Research
Similarities that lemurs share with anthropoid primates, such as diet and social organization, along with their own unique traits, have made lemurs the most heavily studied of all mammal groups on Madagascar. Research often focuses on the link between ecology and social organization, but also on their behavior and morphophysiology (the study of anatomy in relation to function). Studies of their life-history traits, behavior and ecology help understanding of primate evolution, since they are thought to share similarities with ancestral primates.
Lemurs have been the focus of monographic series, action plans, field guides, and classic works in ethology. However, few species have been thoroughly studied to date, and most research has been preliminary and restricted to a single locality. Only recently have numerous scientific papers been published to explain the basic aspects of behavior and ecology of poorly known species. Field studies have given insights on population dynamics and evolutionary ecology of most genera and many species. Long-term research focused on identified individuals is in its infancy and has only been started for a few populations. However, learning opportunities are dwindling as habitat destruction and other factors threaten the existence of lemur populations across the island.
Lemurs are mentioned in sailors' voyage logs as far back as 1608 and in 1658 that at least seven lemur species were described in detail by the French merchant, Étienne de Flacourt, who may also have been the only westerner to see and chronicle the existence of a giant (now extinct) lemur, which he called the tretretretre. Around 1703 merchants and sailors began bringing lemurs back to Europe, at which time James Petiver, an apothecary in London, described and illustrated the mongoose lemur. Starting in 1751, the London illustrator George Edwards began describing and illustrating some lemur species, of which a few were included in various editions of Systema Naturae by Carl Linnaeus. In the 1760s and 1770s, French naturalists Georges-Louis Leclerc, Comte de Buffon and Louis-Jean-Marie Daubenton began describing the anatomy of several lemur species. The first traveling naturalist to comment on lemurs was Philibert Commerçon in 1771, although it was Pierre Sonnerat who recorded a greater variety of lemur species during his travels.

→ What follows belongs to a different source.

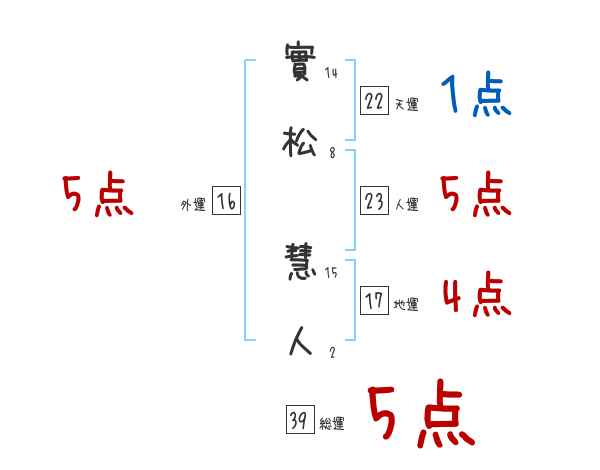 総運![]() | 實松慧人さんの総運は39画の5つ星!社交性に優れ人望が厚い。人の上に立ち成功する。 あなたの人生を表す1番重要な運勢です。生涯を通じて影響する総合運となり、主に50歳以降の晩年期に影響を及ぼします。 |
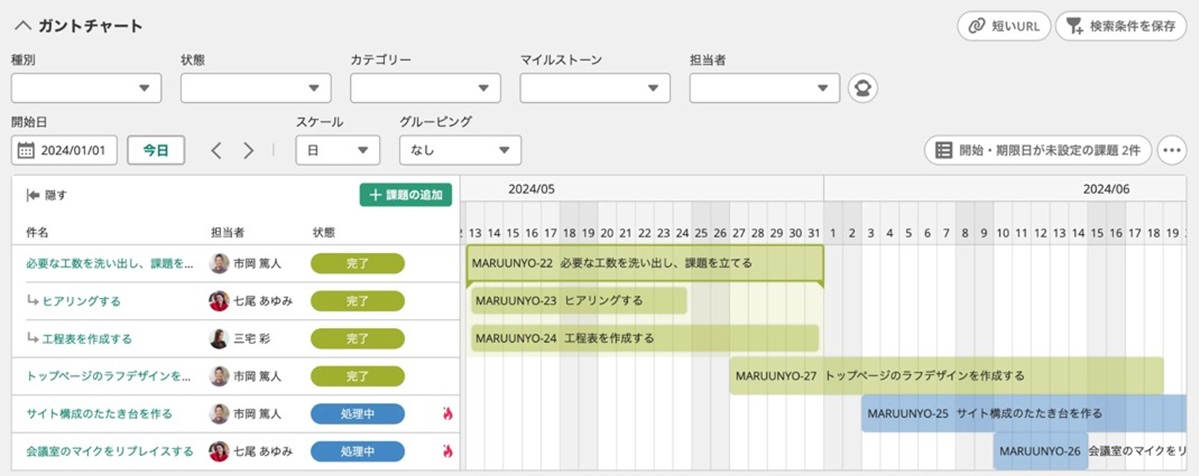 雪下さん:システム開発において、期限と作業内容を管理するために活用しています。課題の状態は「未対応」「処理中」「処理済み」「完了」の4段階をアイコンで表示でき、ガントチャートなどで一覧表示することで、メンバーの進捗状況を視覚的な理解が可能です。これにもとづき、タスクの重要度による優先順位付けと振り分けを行っています。

During the 19th century, there was an explosion of new lemur descriptions and names, which later took decades to sort out. During this time, professional collectors gathered specimens for museums, menageries, and cabinets. Some of the major collectors were Johannes Hildebrandt and Charles Immanuel Forsyth Major. From these collections, as well as increasing observations of lemurs in their natural habitats, museum systematists including Albert Günther and John Edward Gray continued to contribute new names for new lemur species. However, the most notable contributions from this century includes the work of Alfred Grandidier, a naturalist and explorer who devoted himself to the study of Madagascar's natural history and local people. With the help of Alphonse Milne-Edwards, most of the diurnal lemurs were illustrated at this time. However, lemur taxonomic nomenclature took its modern form in the 1920s and 1930s, being standardized by Ernst Schwarz in 1931.
Although lemur taxonomy had developed, it was not until the 1950s and 1960s that the in-situ (or on-site) study of lemur behavior and ecology began to blossom. Jean-Jacques Petter and Arlette Petter-Rousseaux toured Madagascar in 1956 and 1957, surveying many of its lemur species and making important observations about their social groupings and reproduction. In 1960, the year of Madagascar's independence, David Attenborough introduced lemurs to the West with a commercial film. Under the guidance of John Buettner-Janusch, who founded the Duke Lemur Center in 1966, Alison Jolly traveled to Madagascar in 1962 to study the diet and social behavior of the ring-tailed lemur and Verreaux's sifaka at Berenty Private Reserve. The Petters and Jolly spawned a new era of interest in lemur ecology and behavior and were shortly followed by anthropologists such as Alison Richard, Robert Sussman, Ian Tattersall, and many others. Following the political turmoil of the mid-1970s and Madagascar's revolution, field studies resumed in the 1980s, thanks in part to the renewed involvement of the Duke Lemur Center under the direction of Elwyn Simons and the conservation efforts of Patricia Wright. In the decades that followed, huge strides have been made in lemur studies and many new species have been discovered.
Ex situ research (or off-site research) is also popular among researchers looking to answer questions that are difficult to test in the field. For example, efforts to sequence the genome of the gray mouse lemur will help researchers understand which genetic traits set primates apart from other mammals and will ultimately help understand what genomic traits set humans apart from other primates. One of the foremost lemur research facilities is the Duke Lemur Center (DLC) in Durham, North Carolina. It maintains the largest captive lemur population outside of Madagascar, which it maintains for non-invasive research and captive breeding. Many important research projects have been carried out there, including studies of lemur vocalizations, basic locomotor research, the kinematics of bipedalism, the effects of social complexity transitive reasoning, and cognition studies involving a lemur's ability to organize and retrieve sequences from memory. Other facilities, such as the Lemur Conservation Foundation, located near Myakka City, Florida, have also hosted research projects, such as one that looked at lemurs' ability to preferentially select tools based on functional qualities.